◆ **Problem to solve**: Images should be omitted while the rest of the data is duplicated exactly.

◆ **Information supplied**:
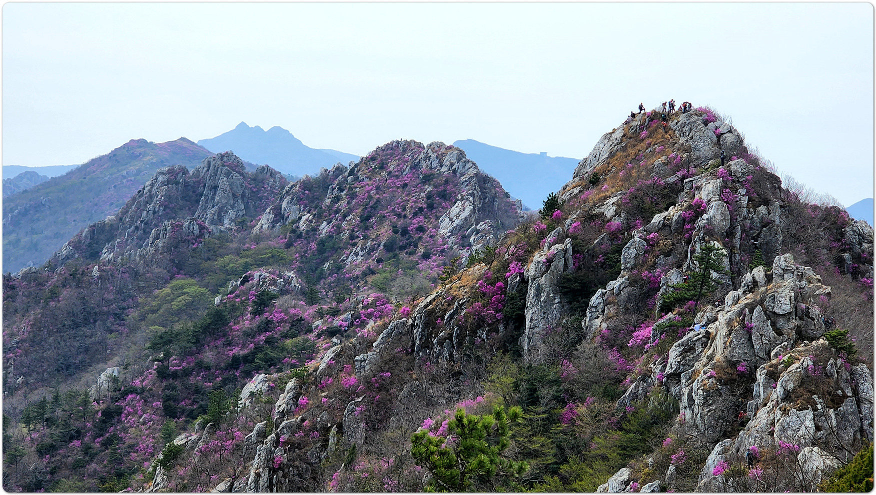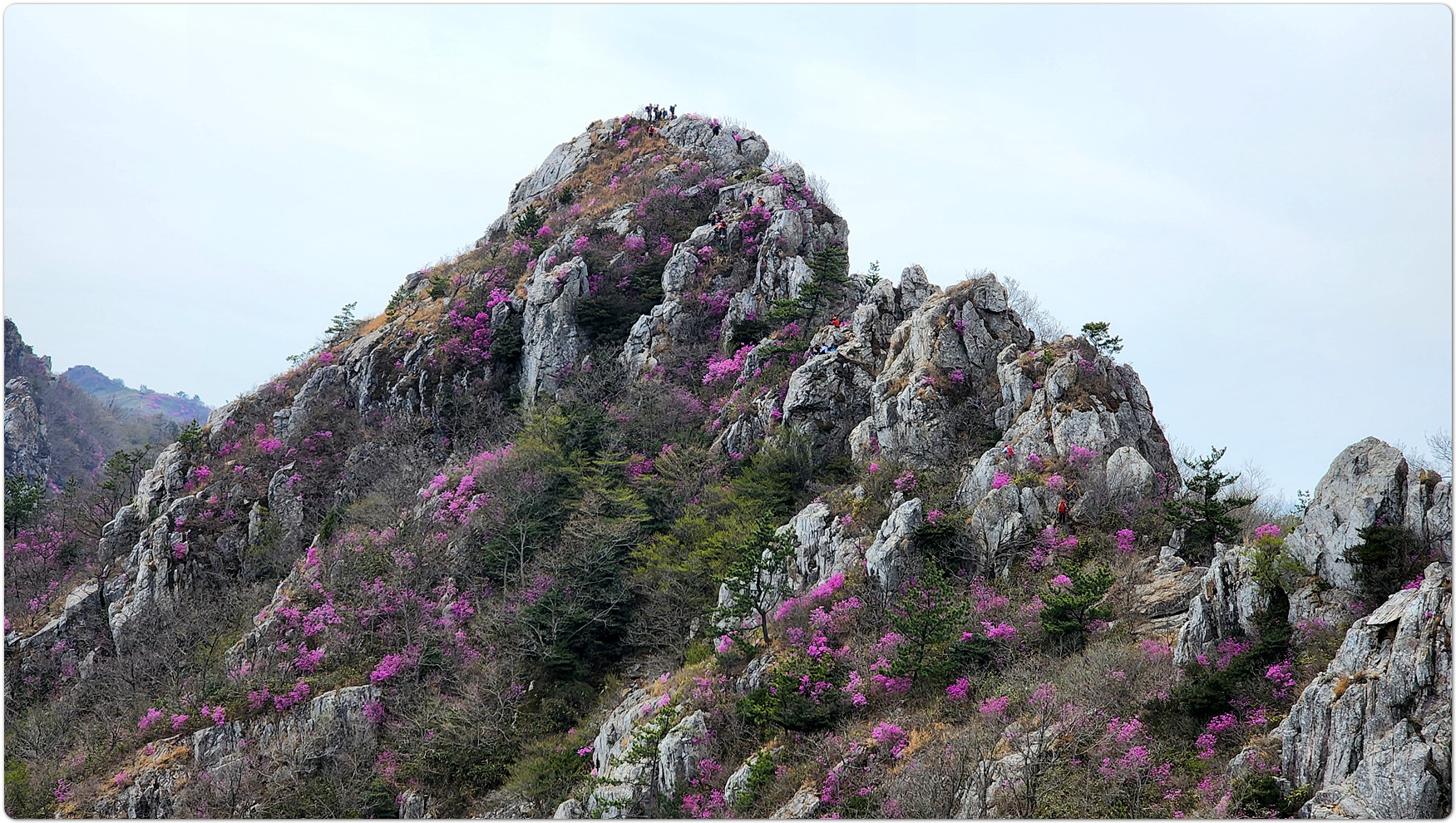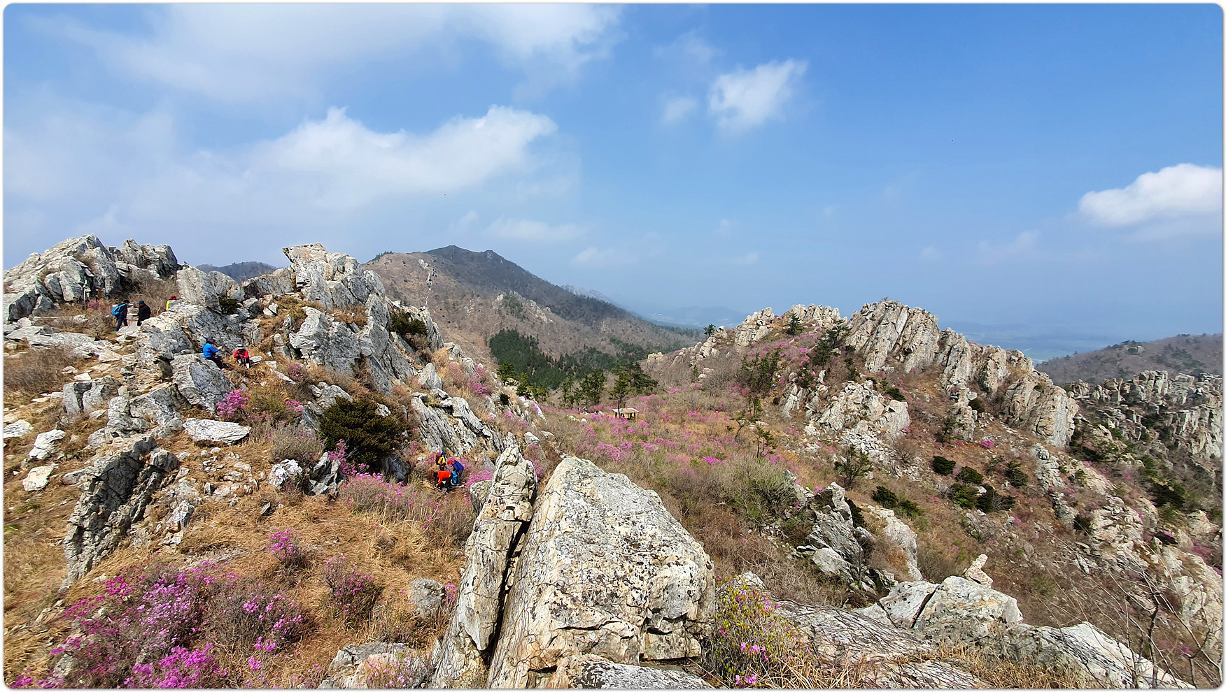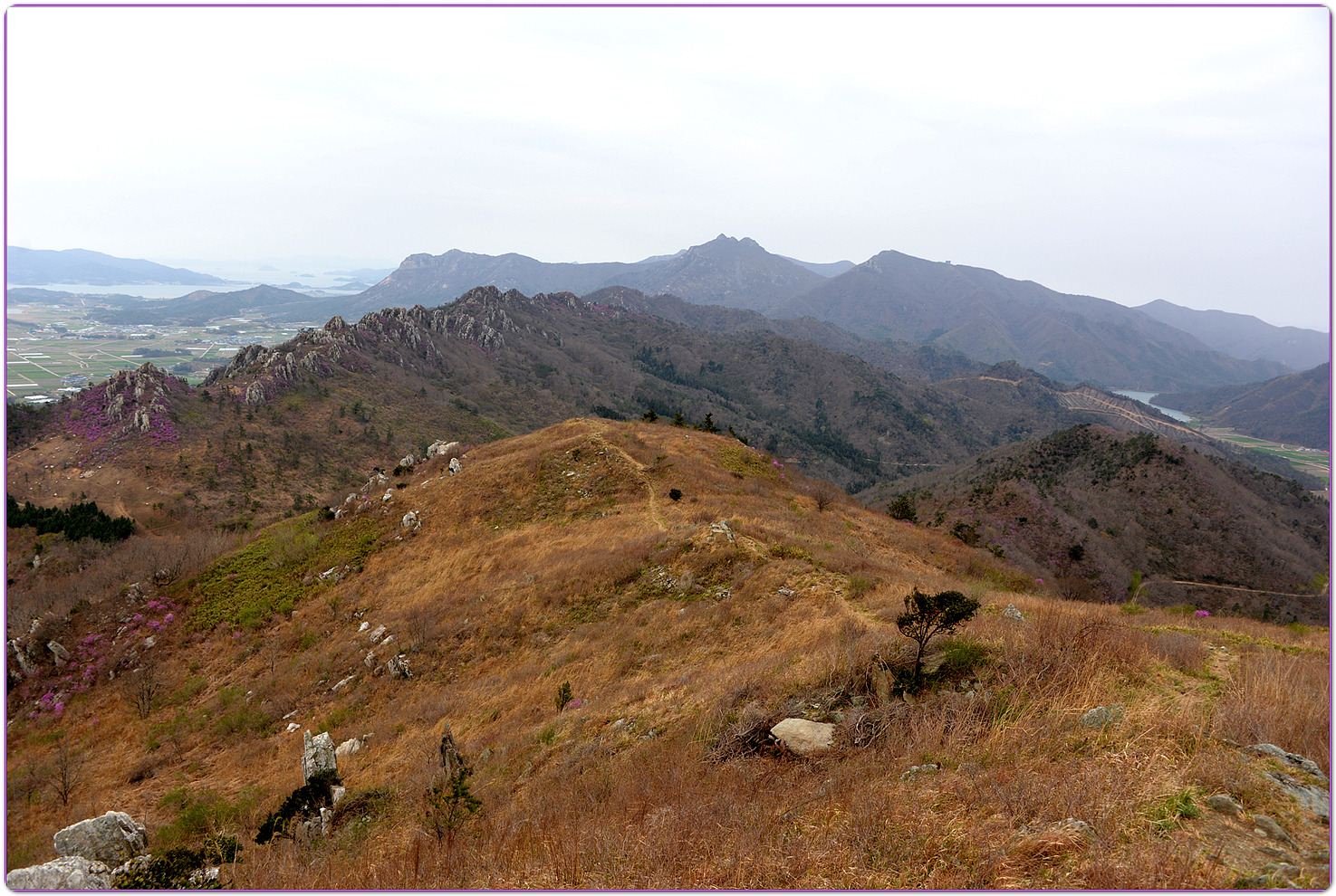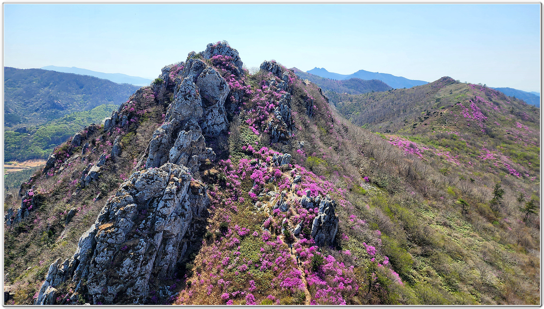 | 덕룡산과 주작산은 해발 400m대의 낮은 고도를 지녔지만, 거친 암릉과 빼어난 다도해 조망이 어우러져 산행의 묘미와 시각적인 즐거움을 동시에 선사하는 곳입니다. ▣ 덕룡산 (德龍山, 432m): 용이 꿈틀거리는 남도의 소금강 덕룡산은 이름 그대로 '덕스러운 용'이 힘차게 꿈틀거리며 비상하는 듯한 거친 암릉 지대를 품고 있습니다. ☞산세와 지형: 설악산의 공룡능선을 뚝 떼어다 남도 바닷가에 옮겨놓았다는 평가를 받으며 남도의 소금강','남도의 공룡능선'이라는 화려한 수식어를 자랑합니다. 동봉(420m)과 서봉(432m) 쌍봉을 중심으로 깎아지른 듯한 암봉들이 연달아 솟아 있어 고도표만 보고 만만하게 접근했다가는 큰코다치기 십상인 맹렬한 산세를 지녔습니다. ☞조망과 매력: 험난한 암릉을 오르내리는 내내 강진만과 완도, 해남 일대의 푸른 다도해 비경이 파노라마처럼 펼쳐집니다. 거친 바위와 부드러운 바다의 대비가 극적인 아름다움을 연출합니다. ☞역사적 정취: 산자락 주변으로는 다산 정약용 선생이 유배 생활을 했던 다산초당과 천연기념물 동백림으로 유명한 백련사 등 강진의 깊은 역사와 문화 유적지가 자리하고 있어, 능선을 걸으며 남도의 풍부한 인문학적 정취를 함께 느낄 수 있습니다. ▣ 주작산 (朱雀山, 428m): 붉은 봉황이 날개를 펴고 날아오르다 주작산은 산의 형세가 '붉은 봉황(朱雀)'이 날개를 활짝 펴고 강진만을 향해 날아오르는 모습을 닮았다고 하여 붙여진 이름입니다. ☞산세와 지형: 덕룡산과 맥을 같이 하지만, 그 느낌은 사뭇 다릅니다. 덕룡산이 남성적이고 거칠다면, 주작산은 날카로운 암릉 사이에 부드러운 억새능선과 흙길이 조화롭게 섞여 있습니다. 특히 주봉(428m)을 기점으로 오소재로 뻗어 내리는 암릉 구간은 봉황의 우측 날개에 해당하며, 톱니바퀴처럼 날카로운 바위 무리가 장관을 이룹니다. ☞계절의 백미: 주작산은 무엇보다 봄철 진달래 산행으로 전국적인 명성을 떨칩니다. 4월 초순이 되면 회백색의 거친 암봉들 사이로 붉은 진달래 군락이 융단처럼 피어나, 마치 봉황이 붉은 깃털을 뽐내는 듯한 황홀한 풍광을 빚어냅니다. ☞덕룡봉(475m)의 오해와 진실: 종주 코스 중에 만나는 가장 높은 봉우리인 덕룡봉(475m)은 행정구역 상 주작산에 속해 있어 종종 주작산 정상으로 오인받지만, 실제 주작산의 주봉은 작천소령 남쪽에 위치한 428m 봉우리(남주작산)입니다. 두 산을 하나로 엮는 연계 종주는 육체적인 고단함을 뛰어넘어, 한국의 산재한 명산들 중에서도 손꼽히는 성취감과 남도 특유의 진한 풍광을 안겨주는 훌륭한 코스입니다. 또한 풍수지리나 산세를 설명할 때 덕룡산과 주작산을 하나의 덩어리로 묶어서 "강진만을 향해 날아오르는 거대한 봉황"으로 비유하곤 합니다. 이를 부위별로 나누어 보면 다음과 같습니다. ◐봉황의 머리: 주작산 주봉 (남주작산, 428m) ◐봉황의 우측 날개: 작천소령에서 해남 오소재 방향으로 뻗어 내린 거친 암릉 구간 (주작산 톱니바퀴 능선) ◐봉황의 좌측 날개: 작천소령 북쪽에서 시작해 덕룡산 서봉, 동봉을 거쳐 소석문까지 이어지는 웅장한 암릉 구간 (덕룡산 능선) 즉, 첨단산악회 회원분들이 소석문에서 출발해 덕룡산의 동봉과 서봉을 넘고 작천소령까지 오시는 길이 거대한 봉황의 왼쪽 날개를 타고 올라오는 여정인 셈입니다. 그리고 작천소령을 기점으로 방향을 틀어 오소재로 내려가는 길이 오른쪽 날개를 타고 하산하는 길이 됩니다. 양쪽 날개 모두 기암괴석이 날카롭게 솟아오른 거친 바위산이라, "과연 전설 속 봉황의 깃털(암봉)을 밟고 지나는 길답다"라는 탄성을 자아내게 합니다. |
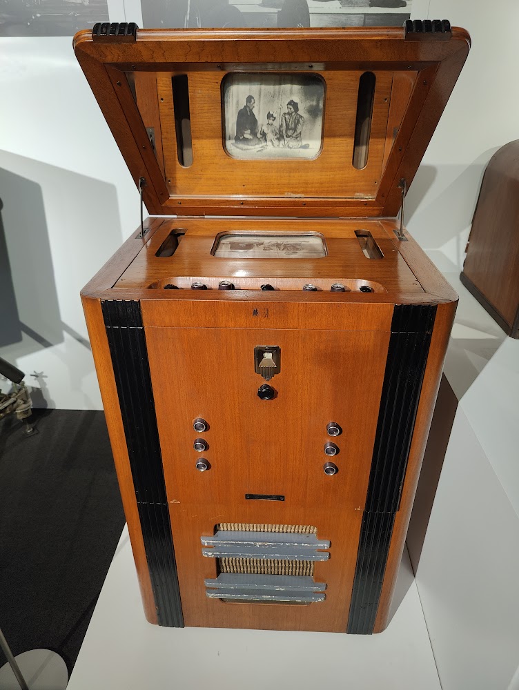 James was charmed by this extremely early TV where the tube was so large it was positioned vertically, and a mirror used to reflect the display to the viewer.
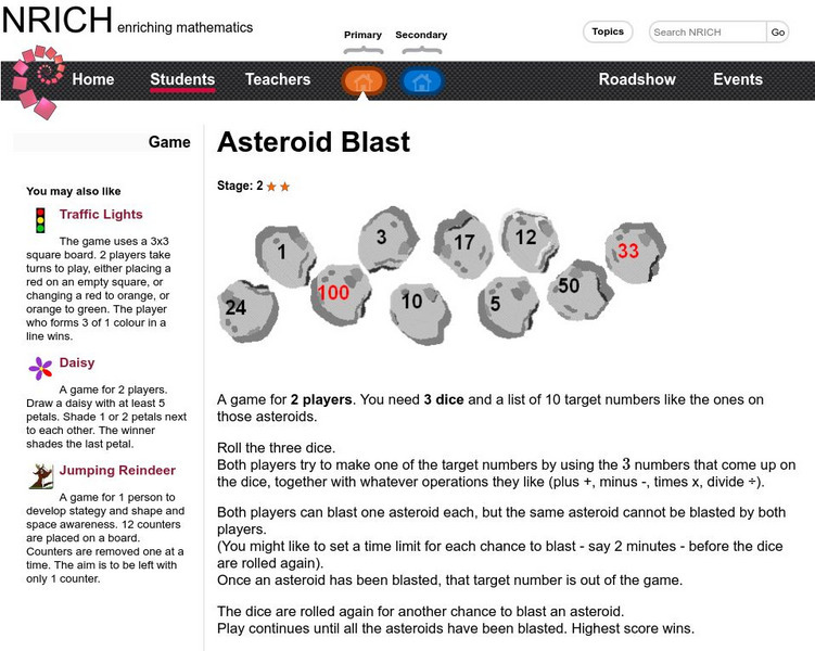 University of Cambridge: Nrich: Game Asteroid Blast
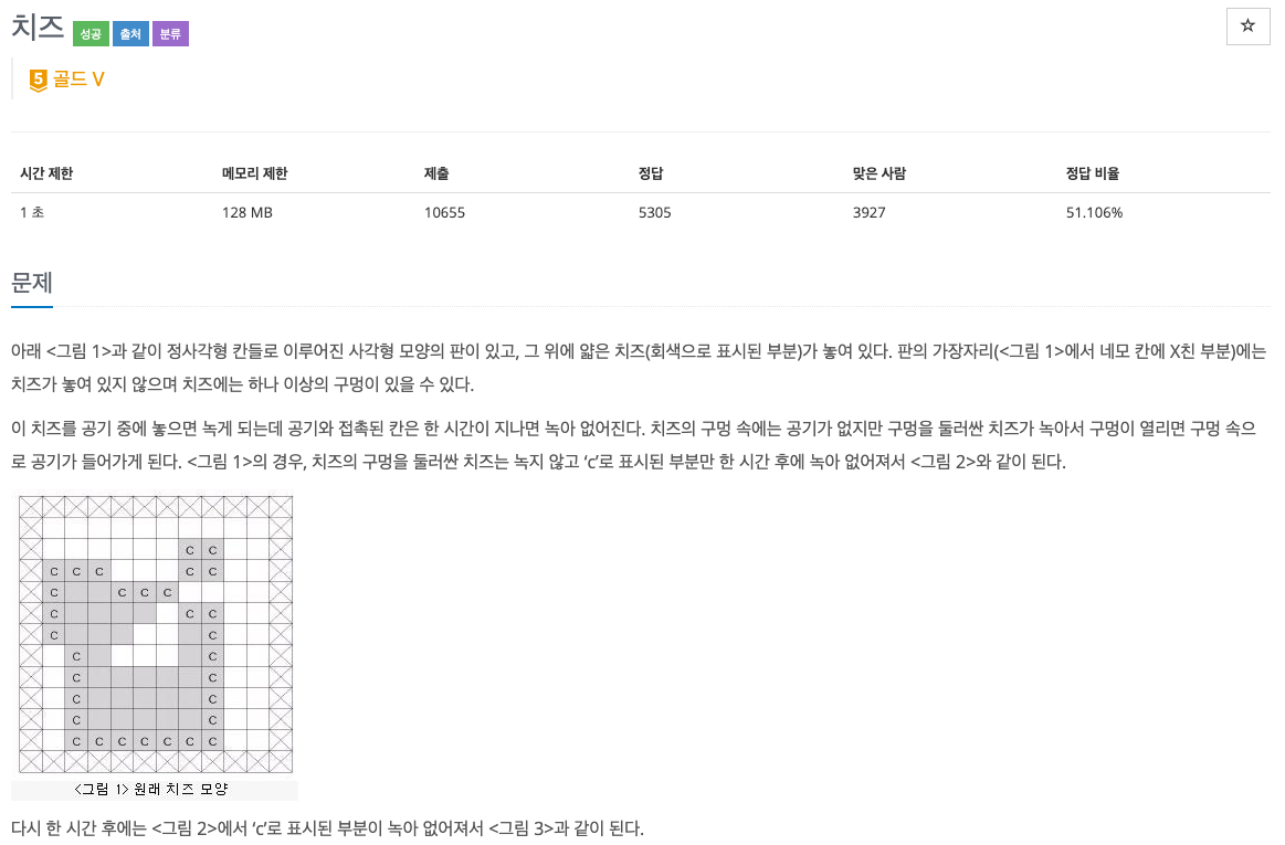 아래 <그림 1>과 같이 정사각형 칸들로 이루어진 사각형 모양의 판이 있고, 그 위에 얇은 치즈(회색으로 표시된 부분)가 놓여 있다. 판의 가장자리(<그림 1>에서 네모 칸에 X친 부분)에는 치즈가 놓

◆ **Answer**:
 | 덕룡산과 주작산은 해발 400m대의 낮은 고도를 지녔지만, 거친 암릉과 빼어난 다도해 조망이 어우러져 산행의 묘미와 시각적인 즐거움을 동시에 선사하는 곳입니다. ▣ 덕룡산 (德龍山, 432m): 용이 꿈틀거리는 남도의 소금강 덕룡산은 이름 그대로 '덕스러운 용'이 힘차게 꿈틀거리며 비상하는 듯한 거친 암릉 지대를 품고 있습니다. ☞산세와 지형: 설악산의 공룡능선을 뚝 떼어다 남도 바닷가에 옮겨놓았다는 평가를 받으며 남도의 소금강','남도의 공룡능선'이라는 화려한 수식어를 자랑합니다. 동봉(420m)과 서봉(432m) 쌍봉을 중심으로 깎아지른 듯한 암봉들이 연달아 솟아 있어 고도표만 보고 만만하게 접근했다가는 큰코다치기 십상인 맹렬한 산세를 지녔습니다. ☞조망과 매력: 험난한 암릉을 오르내리는 내내 강진만과 완도, 해남 일대의 푸른 다도해 비경이 파노라마처럼 펼쳐집니다. 거친 바위와 부드러운 바다의 대비가 극적인 아름다움을 연출합니다. ☞역사적 정취: 산자락 주변으로는 다산 정약용 선생이 유배 생활을 했던 다산초당과 천연기념물 동백림으로 유명한 백련사 등 강진의 깊은 역사와 문화 유적지가 자리하고 있어, 능선을 걸으며 남도의 풍부한 인문학적 정취를 함께 느낄 수 있습니다. ▣ 주작산 (朱雀山, 428m): 붉은 봉황이 날개를 펴고 날아오르다 주작산은 산의 형세가 '붉은 봉황(朱雀)'이 날개를 활짝 펴고 강진만을 향해 날아오르는 모습을 닮았다고 하여 붙여진 이름입니다. ☞산세와 지형: 덕룡산과 맥을 같이 하지만, 그 느낌은 사뭇 다릅니다. 덕룡산이 남성적이고 거칠다면, 주작산은 날카로운 암릉 사이에 부드러운 억새능선과 흙길이 조화롭게 섞여 있습니다. 특히 주봉(428m)을 기점으로 오소재로 뻗어 내리는 암릉 구간은 봉황의 우측 날개에 해당하며, 톱니바퀴처럼 날카로운 바위 무리가 장관을 이룹니다. ☞계절의 백미: 주작산은 무엇보다 봄철 진달래 산행으로 전국적인 명성을 떨칩니다. 4월 초순이 되면 회백색의 거친 암봉들 사이로 붉은 진달래 군락이 융단처럼 피어나, 마치 봉황이 붉은 깃털을 뽐내는 듯한 황홀한 풍광을 빚어냅니다. ☞덕룡봉(475m)의 오해와 진실: 종주 코스 중에 만나는 가장 높은 봉우리인 덕룡봉(475m)은 행정구역 상 주작산에 속해 있어 종종 주작산 정상으로 오인받지만, 실제 주작산의 주봉은 작천소령 남쪽에 위치한 428m 봉우리(남주작산)입니다. 두 산을 하나로 엮는 연계 종주는 육체적인 고단함을 뛰어넘어, 한국의 산재한 명산들 중에서도 손꼽히는 성취감과 남도 특유의 진한 풍광을 안겨주는 훌륭한 코스입니다. 또한 풍수지리나 산세를 설명할 때 덕룡산과 주작산을 하나의 덩어리로 묶어서 "강진만을 향해 날아오르는 거대한 봉황"으로 비유하곤 합니다. 이를 부위별로 나누어 보면 다음과 같습니다. ◐봉황의 머리: 주작산 주봉 (남주작산, 428m) ◐봉황의 우측 날개: 작천소령에서 해남 오소재 방향으로 뻗어 내린 거친 암릉 구간 (주작산 톱니바퀴 능선) ◐봉황의 좌측 날개: 작천소령 북쪽에서 시작해 덕룡산 서봉, 동봉을 거쳐 소석문까지 이어지는 웅장한 암릉 구간 (덕룡산 능선) 즉, 첨단산악회 회원분들이 소석문에서 출발해 덕룡산의 동봉과 서봉을 넘고 작천소령까지 오시는 길이 거대한 봉황의 왼쪽 날개를 타고 올라오는 여정인 셈입니다. 그리고 작천소령을 기점으로 방향을 틀어 오소재로 내려가는 길이 오른쪽 날개를 타고 하산하는 길이 됩니다. 양쪽 날개 모두 기암괴석이 날카롭게 솟아오른 거친 바위산이라, "과연 전설 속 봉황의 깃털(암봉)을 밟고 지나는 길답다"라는 탄성을 자아내게 합니다. |
 James was charmed by this extremely early TV where the tube was so large it was positioned vertically, and a mirror used to reflect the display to the viewer.
 University of Cambridge: Nrich: Game Asteroid Blast
 아래 <그림 1>과 같이 정사각형 칸들로 이루어진 사각형 모양의 판이 있고, 그 위에 얇은 치즈(회색으로 표시된 부분)가 놓여 있다. 판의 가장자리(<그림 1>에서 네모 칸에 X친 부분)에는 치즈가 놓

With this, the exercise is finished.